Calculate instance level variable profiles as Ceteris Paribus

Parameters

new_observation : pd.DataFrame or np.ndarray or pd.Series
Observations for which predictions need to be explained.
type : {'ceteris_paribus', TODO: 'oscilations'}
Type of variable profiles (default is 'ceteris_paribus').
y : pd.Series or np.ndarray (1d), optional
Target variable with the same length as new_observation.
variables : str or array_like of str, optional
Variables for which the profiles will be calculated (default is None, which means all of the variables).
grid_points : int, optional
Maximum number of points for profile calculations (default is 101). NOTE: The final number of points may be lower than grid_points, eg. if there is not enough unique values for a given variable.
variable_splits : dict of lists, optional
Split points for variables e.g. {'x': [0, 0.2, 0.5, 0.8, 1], 'y': ['a', 'b']} (default is None, which means that they will be calculated using one of variable_splits_type and the data attribute).
variable_splits_type : {'uniform', 'quantiles'}, optional
Way of calculating variable_splits.

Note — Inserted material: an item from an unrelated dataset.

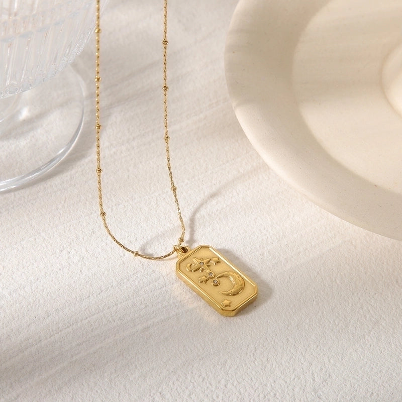 Minimalist Commute Human Sun Moon 304 Stainless Steel Zircon 18K Gold Plated Inlay Pendant Necklace

Set 'quantiles' for percentiles. (default is 'uniform', which means uniform grid of points).
variable_splits_with_obs : bool, optional
Add variable values of new_observation data to the variable_splits (default is True).
processes : int, optional
Number of parallel processes to use in calculations. Iterated over variables (default is 1, which means no parallel computation).
verbose : bool, optional
Print tqdm progress bar (default is True).

Returns

CeterisParibus class object
Explanation object containing the main result attribute and the plot method.

Notes

https://pbiecek.github.io/ema/ceterisParibus.html

Expand source code
def predict_profile(self,
                    new_observation,
                    type=('ceteris_paribus',),
                    y=None,
                    variables=None,
                    grid_points=101,
                    variable_splits=None,
                    variable_splits_type='uniform',
                    variable_splits_with_obs=True,
                    processes=1,
                    verbose=True):
    """Calculate instance level variable profiles as Ceteris Paribus

    Parameters
    -----------
    new_observation : pd.DataFrame or np.ndarray or pd.Series
        Observations for which predictions need to be explained.
    type : {'ceteris_paribus', TODO: 'oscilations'}
        Type of variable profiles (default is 'ceteris_paribus').
    y : pd.Series or np.ndarray (1d), optional
        Target variable with the same length as `new_observation`.
    variables : str or array_like of str, optional
        Variables for which the profiles will be calculated
        (default is None, which means all of the variables).
    grid_points : int, optional
        Maximum number of points for profile calculations (default is 101).
        NOTE: The final number of points may be lower than `grid_points`,
        eg. if there is not enough unique values for a given variable.
    variable_splits : dict of lists, optional
        Split points for variables e.g. {'x': [0, 0.2, 0.5, 0.8, 1], 'y': ['a', 'b']}
        (default is None, which means that they will be calculated using one of
        `variable_splits_type` and the `data` attribute).
    variable_splits_type : {'uniform', 'quantiles'}, optional
        Way of calculating `variable_splits`. Set 'quantiles' for percentiles.
        (default is 'uniform', which means uniform grid of points).
    variable_splits_with_obs: bool, optional
        Add variable values of `new_observation` data to the `variable_splits`
        (default is True).
    processes : int, optional
        Number of parallel processes to use in calculations. Iterated over `variables`
        (default is 1, which means no parallel computation).
    verbose : bool, optional
        Print tqdm progress bar (default is True).

    Returns
    -----------
    CeterisParibus class object
        Explanation object containing the main result attribute and the plot method.

    Notes
    --------
    https://pbiecek.github.io/ema/ceterisParibus.html
    """

    check_data_again(self.data)

    types = ('ceteris_paribus',)
    type = check_method_type(type, types)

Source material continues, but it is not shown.